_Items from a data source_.
*** Block opens ***

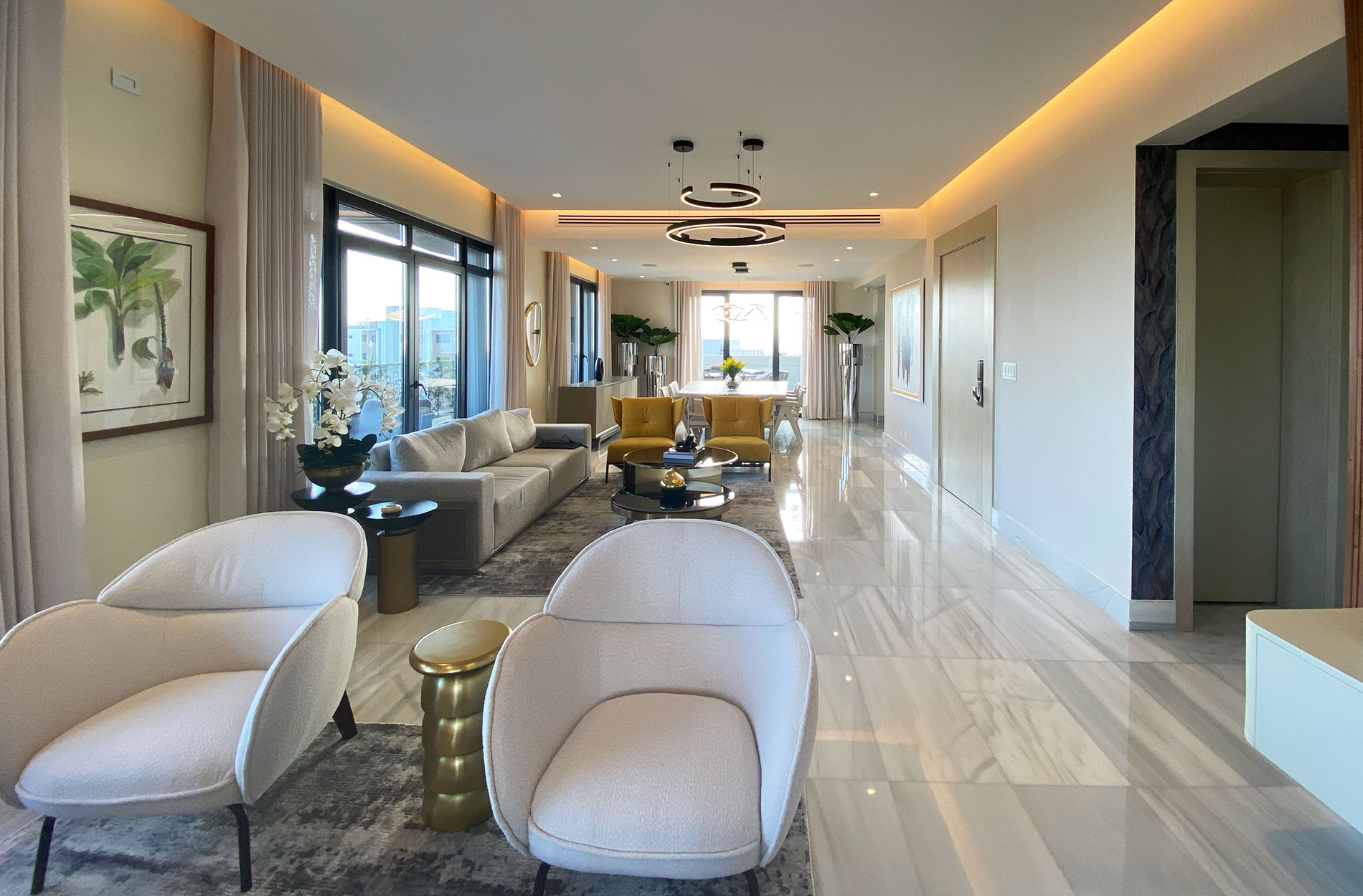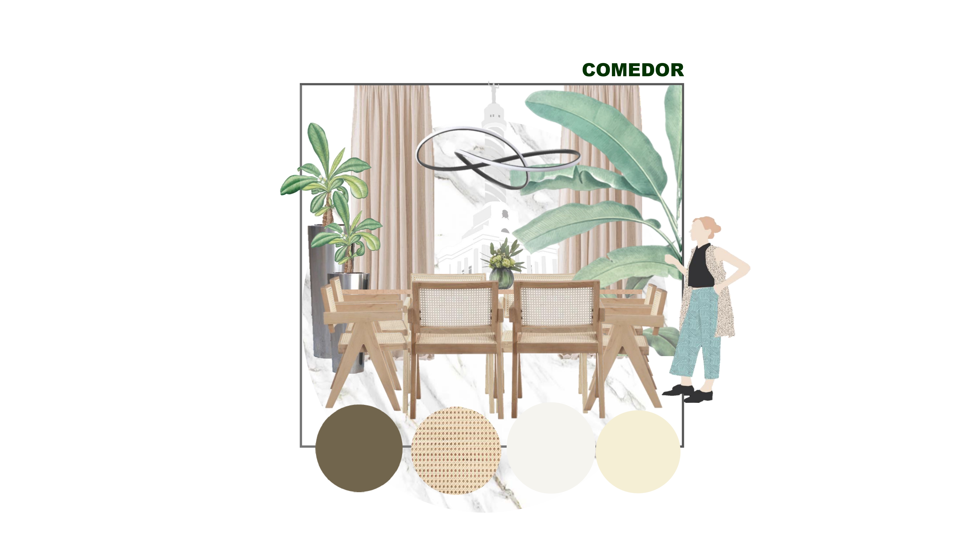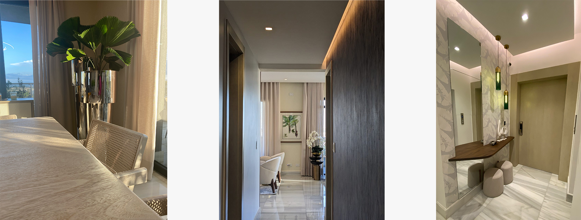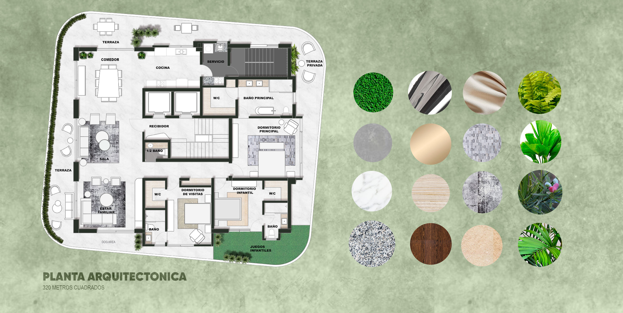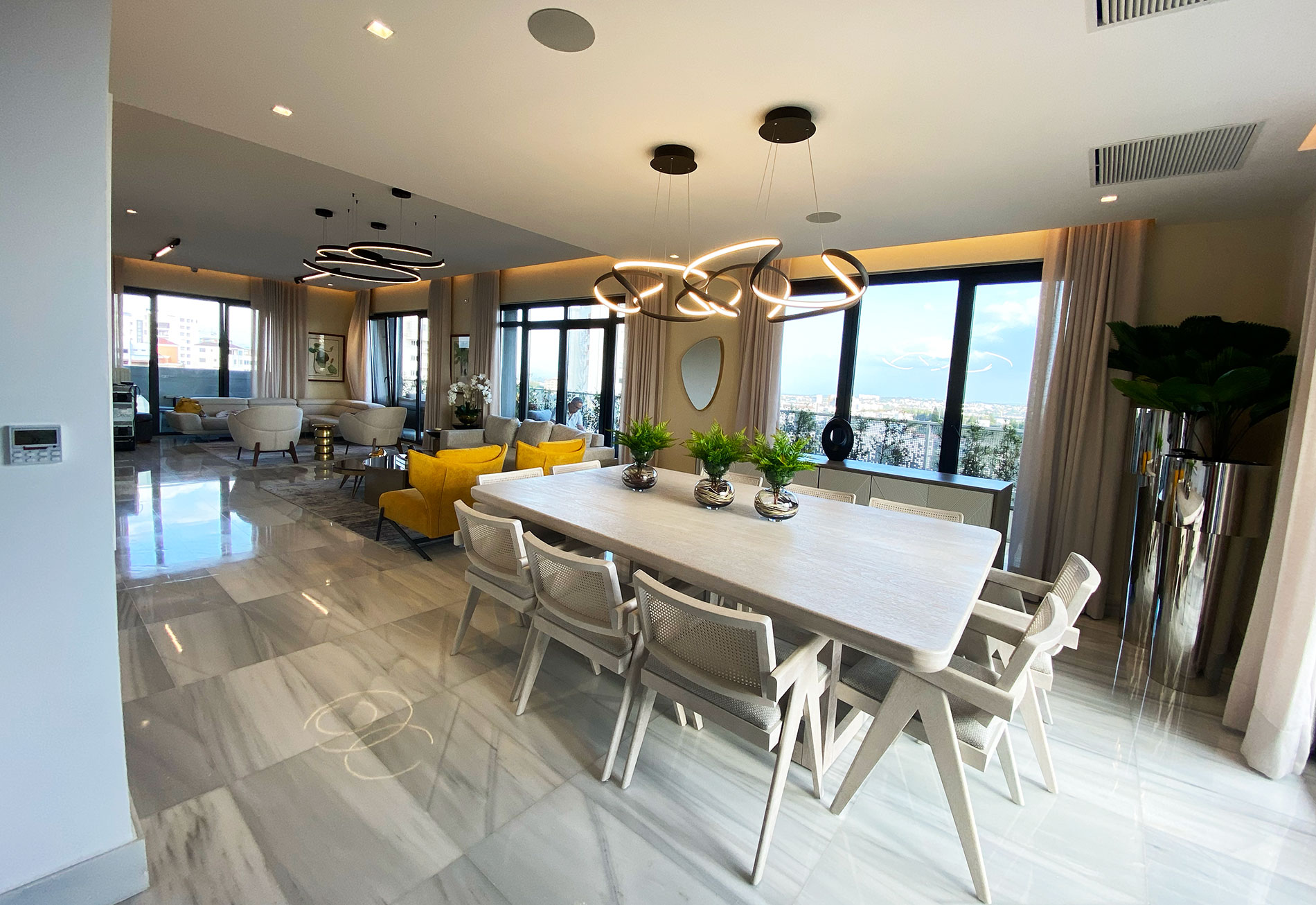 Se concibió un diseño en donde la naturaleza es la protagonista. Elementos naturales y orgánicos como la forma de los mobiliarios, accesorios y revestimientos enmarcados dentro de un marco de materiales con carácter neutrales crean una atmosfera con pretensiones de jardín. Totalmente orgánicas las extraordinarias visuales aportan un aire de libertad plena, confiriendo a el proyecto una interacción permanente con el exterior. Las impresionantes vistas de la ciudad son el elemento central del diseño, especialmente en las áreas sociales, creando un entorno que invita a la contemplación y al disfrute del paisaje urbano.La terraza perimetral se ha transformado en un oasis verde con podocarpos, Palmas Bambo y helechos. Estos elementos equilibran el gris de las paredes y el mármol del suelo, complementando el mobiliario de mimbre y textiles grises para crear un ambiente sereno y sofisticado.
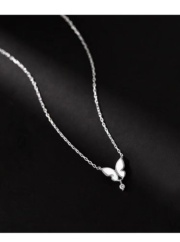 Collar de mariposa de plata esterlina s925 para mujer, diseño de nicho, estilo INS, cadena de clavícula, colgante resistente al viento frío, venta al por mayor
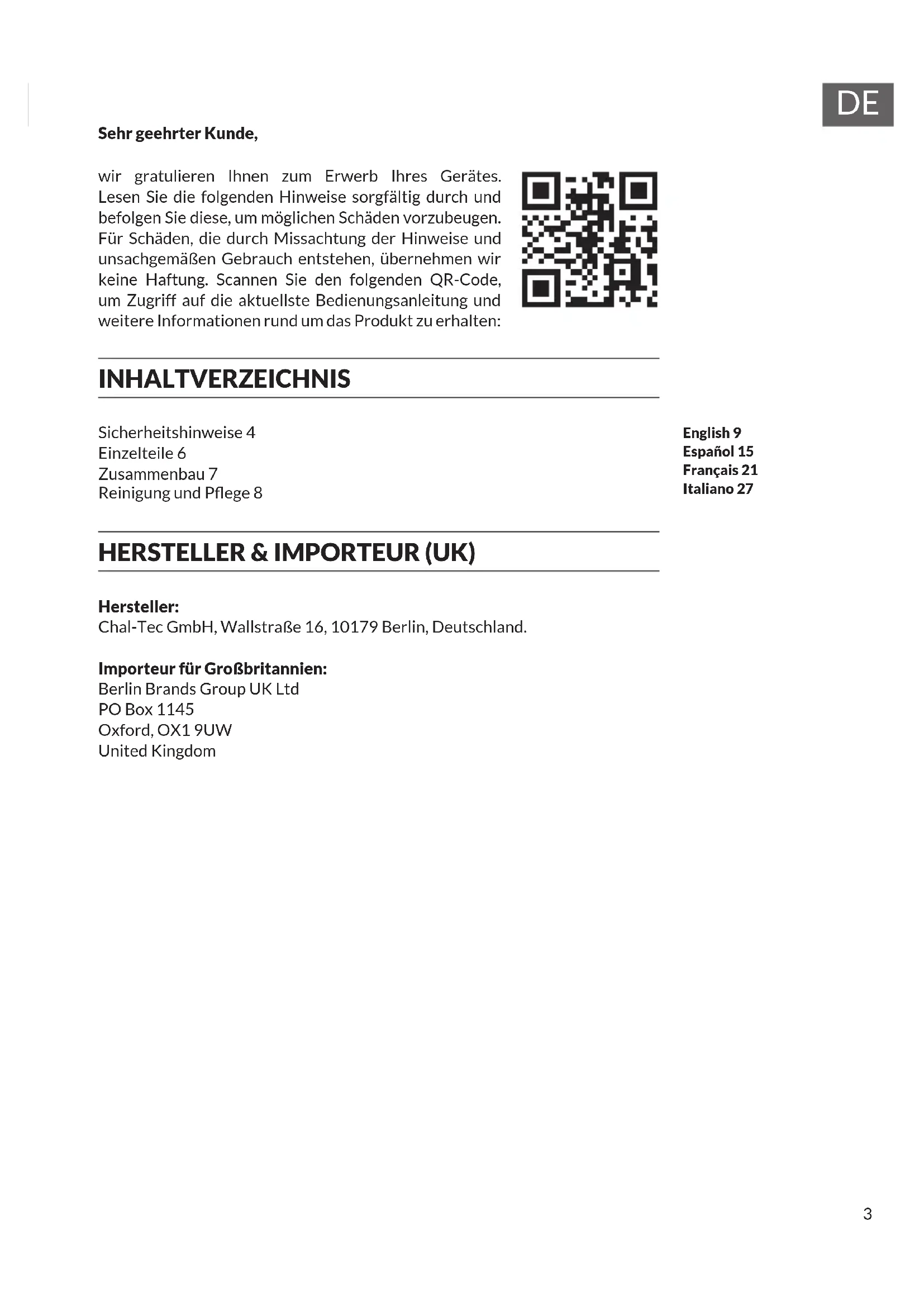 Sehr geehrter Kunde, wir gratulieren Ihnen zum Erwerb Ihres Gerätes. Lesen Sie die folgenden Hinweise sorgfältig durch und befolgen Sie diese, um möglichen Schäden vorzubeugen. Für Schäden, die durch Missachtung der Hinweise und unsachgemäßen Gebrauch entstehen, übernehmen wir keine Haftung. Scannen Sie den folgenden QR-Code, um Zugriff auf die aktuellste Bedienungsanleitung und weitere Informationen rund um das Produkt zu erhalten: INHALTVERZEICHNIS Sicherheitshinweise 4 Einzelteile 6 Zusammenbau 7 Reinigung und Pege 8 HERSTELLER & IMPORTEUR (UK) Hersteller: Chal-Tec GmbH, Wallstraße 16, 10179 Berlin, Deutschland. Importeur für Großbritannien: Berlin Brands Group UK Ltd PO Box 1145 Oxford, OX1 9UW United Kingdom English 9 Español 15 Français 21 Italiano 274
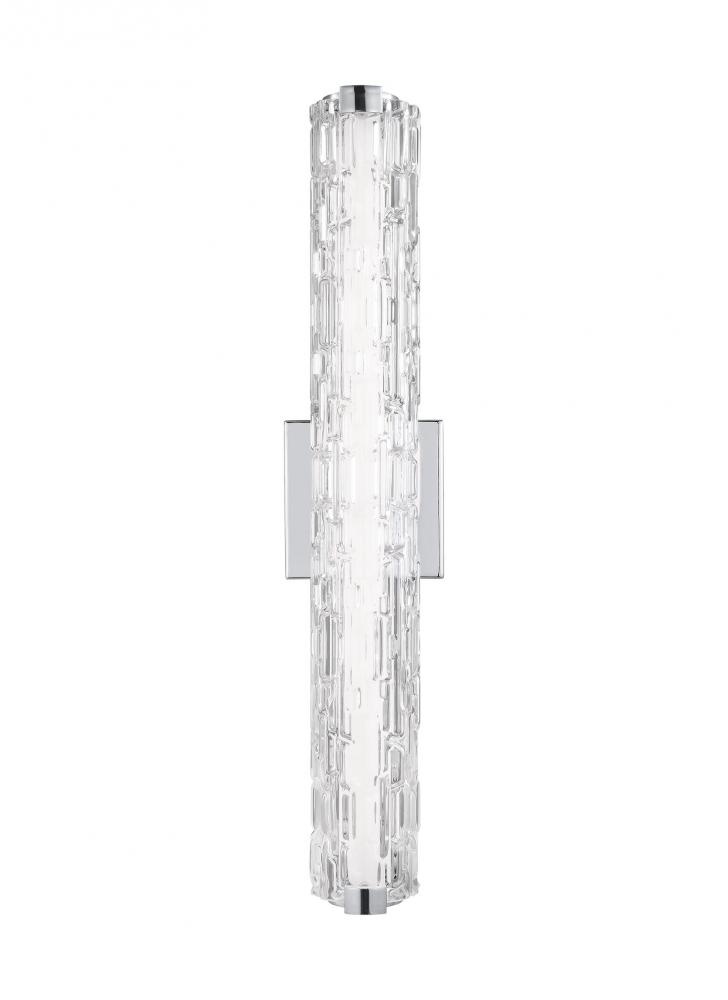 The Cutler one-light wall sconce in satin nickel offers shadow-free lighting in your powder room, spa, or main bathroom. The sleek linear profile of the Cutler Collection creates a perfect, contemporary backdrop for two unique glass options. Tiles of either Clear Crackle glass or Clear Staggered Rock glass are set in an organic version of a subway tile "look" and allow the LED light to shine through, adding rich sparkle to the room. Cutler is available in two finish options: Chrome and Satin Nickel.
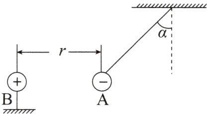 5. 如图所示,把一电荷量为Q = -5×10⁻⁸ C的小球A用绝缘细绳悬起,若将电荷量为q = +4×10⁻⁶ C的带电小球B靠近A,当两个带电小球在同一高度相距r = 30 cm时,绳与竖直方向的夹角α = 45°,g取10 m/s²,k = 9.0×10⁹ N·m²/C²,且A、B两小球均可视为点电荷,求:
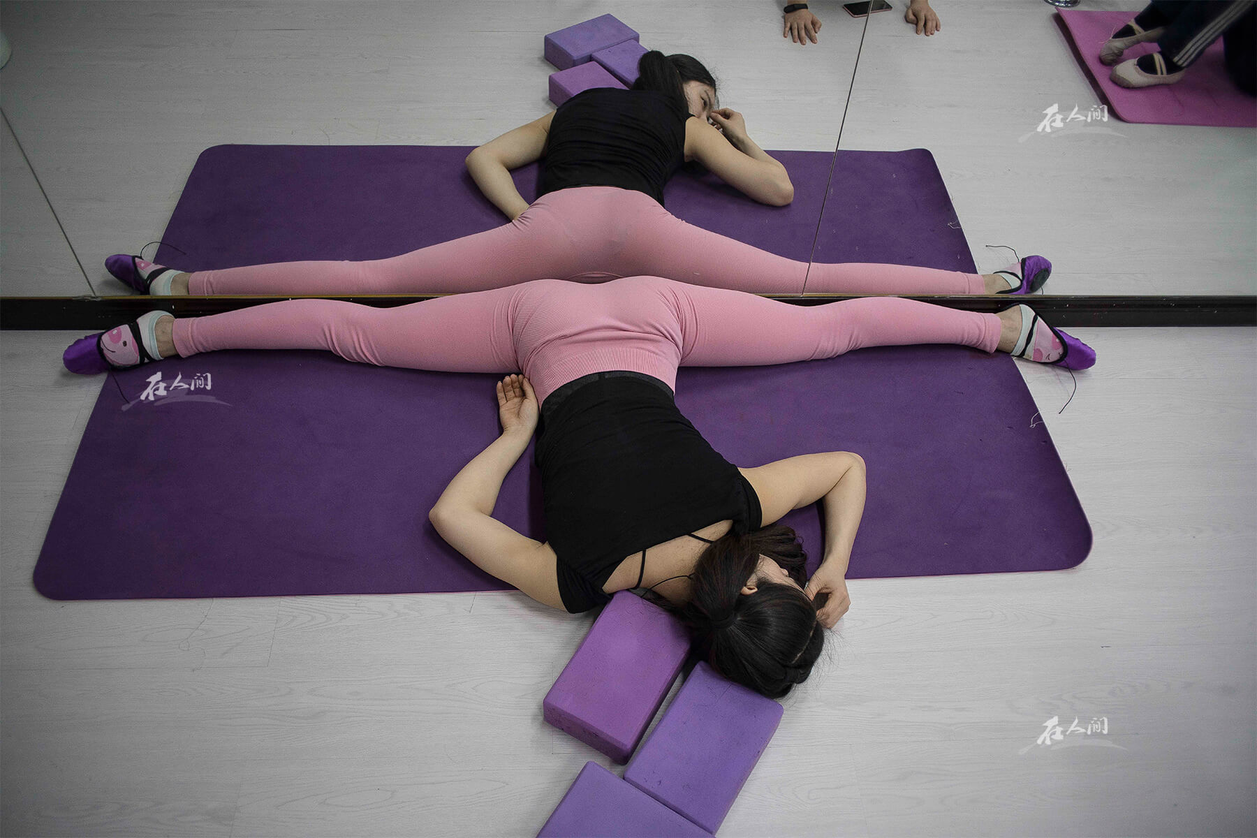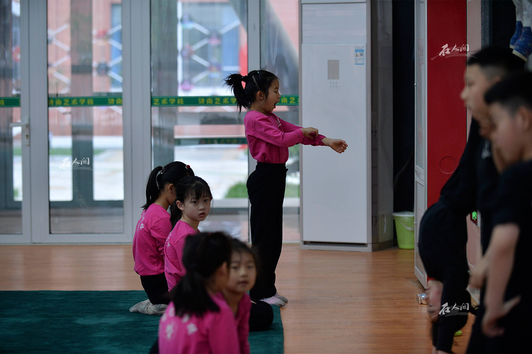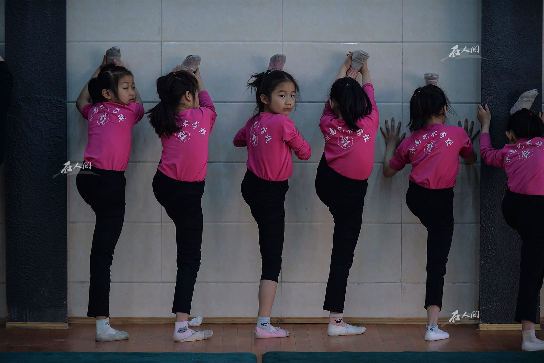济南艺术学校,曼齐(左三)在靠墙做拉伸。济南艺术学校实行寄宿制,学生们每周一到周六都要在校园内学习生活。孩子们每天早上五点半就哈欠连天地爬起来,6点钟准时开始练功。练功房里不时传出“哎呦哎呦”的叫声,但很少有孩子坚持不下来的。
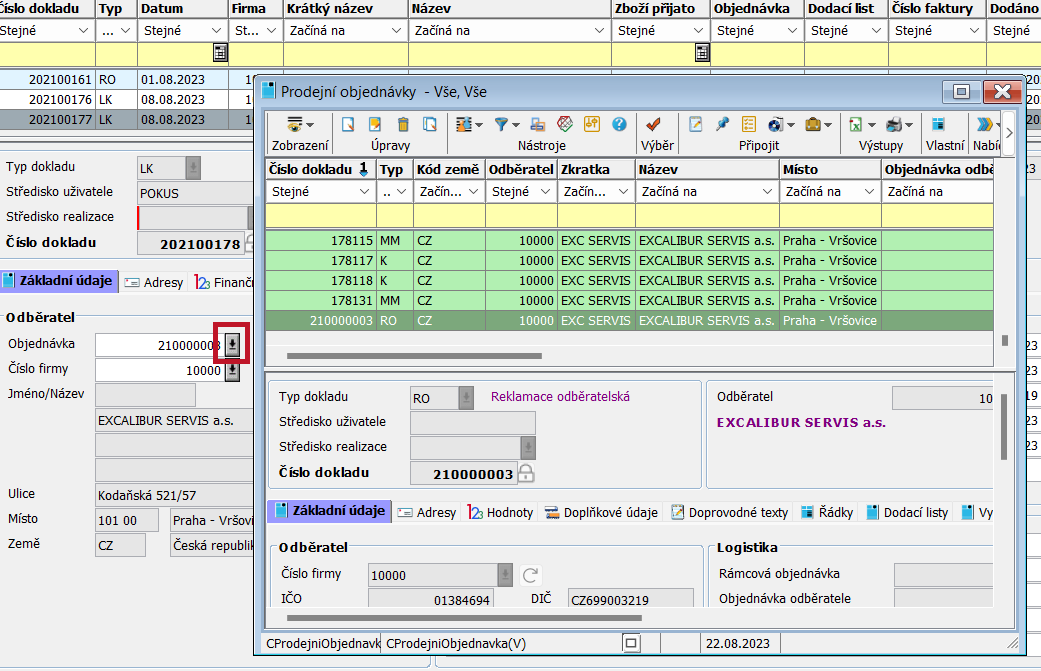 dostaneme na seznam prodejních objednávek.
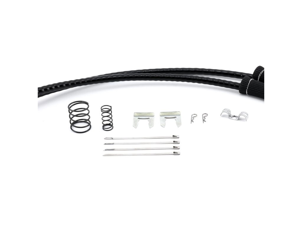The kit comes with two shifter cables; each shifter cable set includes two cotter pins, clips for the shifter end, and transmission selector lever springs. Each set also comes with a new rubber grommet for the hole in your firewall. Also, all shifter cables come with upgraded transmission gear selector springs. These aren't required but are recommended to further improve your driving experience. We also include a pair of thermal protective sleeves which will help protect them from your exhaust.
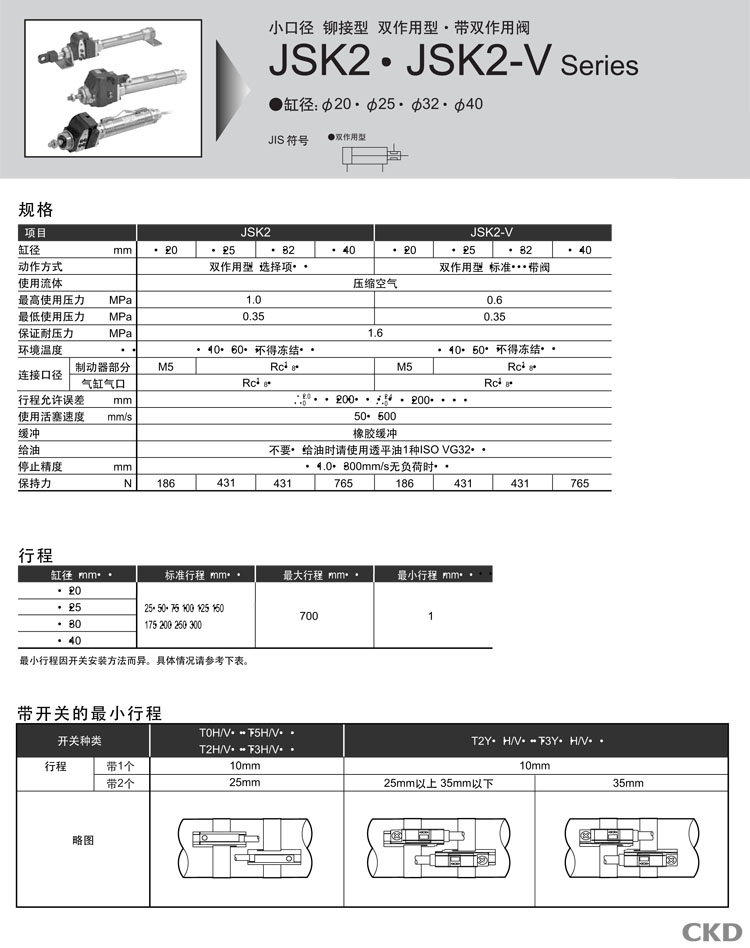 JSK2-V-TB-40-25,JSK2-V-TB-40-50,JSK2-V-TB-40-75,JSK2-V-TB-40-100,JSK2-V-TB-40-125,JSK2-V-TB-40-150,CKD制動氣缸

*** Block closes ***

_Brief_. Your reply is the full set of entries reproduced exactly, with images omitted.

_Answer section_.
 Se concibió un diseño en donde la naturaleza es la protagonista. Elementos naturales y orgánicos como la forma de los mobiliarios, accesorios y revestimientos enmarcados dentro de un marco de materiales con carácter neutrales crean una atmosfera con pretensiones de jardín. Totalmente orgánicas las extraordinarias visuales aportan un aire de libertad plena, confiriendo a el proyecto una interacción permanente con el exterior. Las impresionantes vistas de la ciudad son el elemento central del diseño, especialmente en las áreas sociales, creando un entorno que invita a la contemplación y al disfrute del paisaje urbano.La terraza perimetral se ha transformado en un oasis verde con podocarpos, Palmas Bambo y helechos. Estos elementos equilibran el gris de las paredes y el mármol del suelo, complementando el mobiliario de mimbre y textiles grises para crear un ambiente sereno y sofisticado.
 Collar de mariposa de plata esterlina s925 para mujer, diseño de nicho, estilo INS, cadena de clavícula, colgante resistente al viento frío, venta al por mayor
 Sehr geehrter Kunde, wir gratulieren Ihnen zum Erwerb Ihres Gerätes. Lesen Sie die folgenden Hinweise sorgfältig durch und befolgen Sie diese, um möglichen Schäden vorzubeugen. Für Schäden, die durch Missachtung der Hinweise und unsachgemäßen Gebrauch entstehen, übernehmen wir keine Haftung. Scannen Sie den folgenden QR-Code, um Zugriff auf die aktuellste Bedienungsanleitung und weitere Informationen rund um das Produkt zu erhalten: INHALTVERZEICHNIS Sicherheitshinweise 4 Einzelteile 6 Zusammenbau 7 Reinigung und Pege 8 HERSTELLER & IMPORTEUR (UK) Hersteller: Chal-Tec GmbH, Wallstraße 16, 10179 Berlin, Deutschland. Importeur für Großbritannien: Berlin Brands Group UK Ltd PO Box 1145 Oxford, OX1 9UW United Kingdom English 9 Español 15 Français 21 Italiano 274
 The Cutler one-light wall sconce in satin nickel offers shadow-free lighting in your powder room, spa, or main bathroom. The sleek linear profile of the Cutler Collection creates a perfect, contemporary backdrop for two unique glass options. Tiles of either Clear Crackle glass or Clear Staggered Rock glass are set in an organic version of a subway tile "look" and allow the LED light to shine through, adding rich sparkle to the room. Cutler is available in two finish options: Chrome and Satin Nickel.
 5. 如图所示,把一电荷量为Q = -5×10⁻⁸ C的小球A用绝缘细绳悬起,若将电荷量为q = +4×10⁻⁶ C的带电小球B靠近A,当两个带电小球在同一高度相距r = 30 cm时,绳与竖直方向的夹角α = 45°,g取10 m/s²,k = 9.0×10⁹ N·m²/C²,且A、B两小球均可视为点电荷,求:
济南艺术学校,曼齐(左三)在靠墙做拉伸。济南艺术学校实行寄宿制,学生们每周一到周六都要在校园内学习生活。孩子们每天早上五点半就哈欠连天地爬起来,6点钟准时开始练功。练功房里不时传出“哎呦哎呦”的叫声,但很少有孩子坚持不下来的。
 dostaneme na seznam prodejních objednávek.
The kit comes with two shifter cables; each shifter cable set includes two cotter pins, clips for the shifter end, and transmission selector lever springs. Each set also comes with a new rubber grommet for the hole in your firewall. Also, all shifter cables come with upgraded transmission gear selector springs. These aren't required but are recommended to further improve your driving experience. We also include a pair of thermal protective sleeves which will help protect them from your exhaust.
 JSK2-V-TB-40-25,JSK2-V-TB-40-50,JSK2-V-TB-40-75,JSK2-V-TB-40-100,JSK2-V-TB-40-125,JSK2-V-TB-40-150,CKD制動氣缸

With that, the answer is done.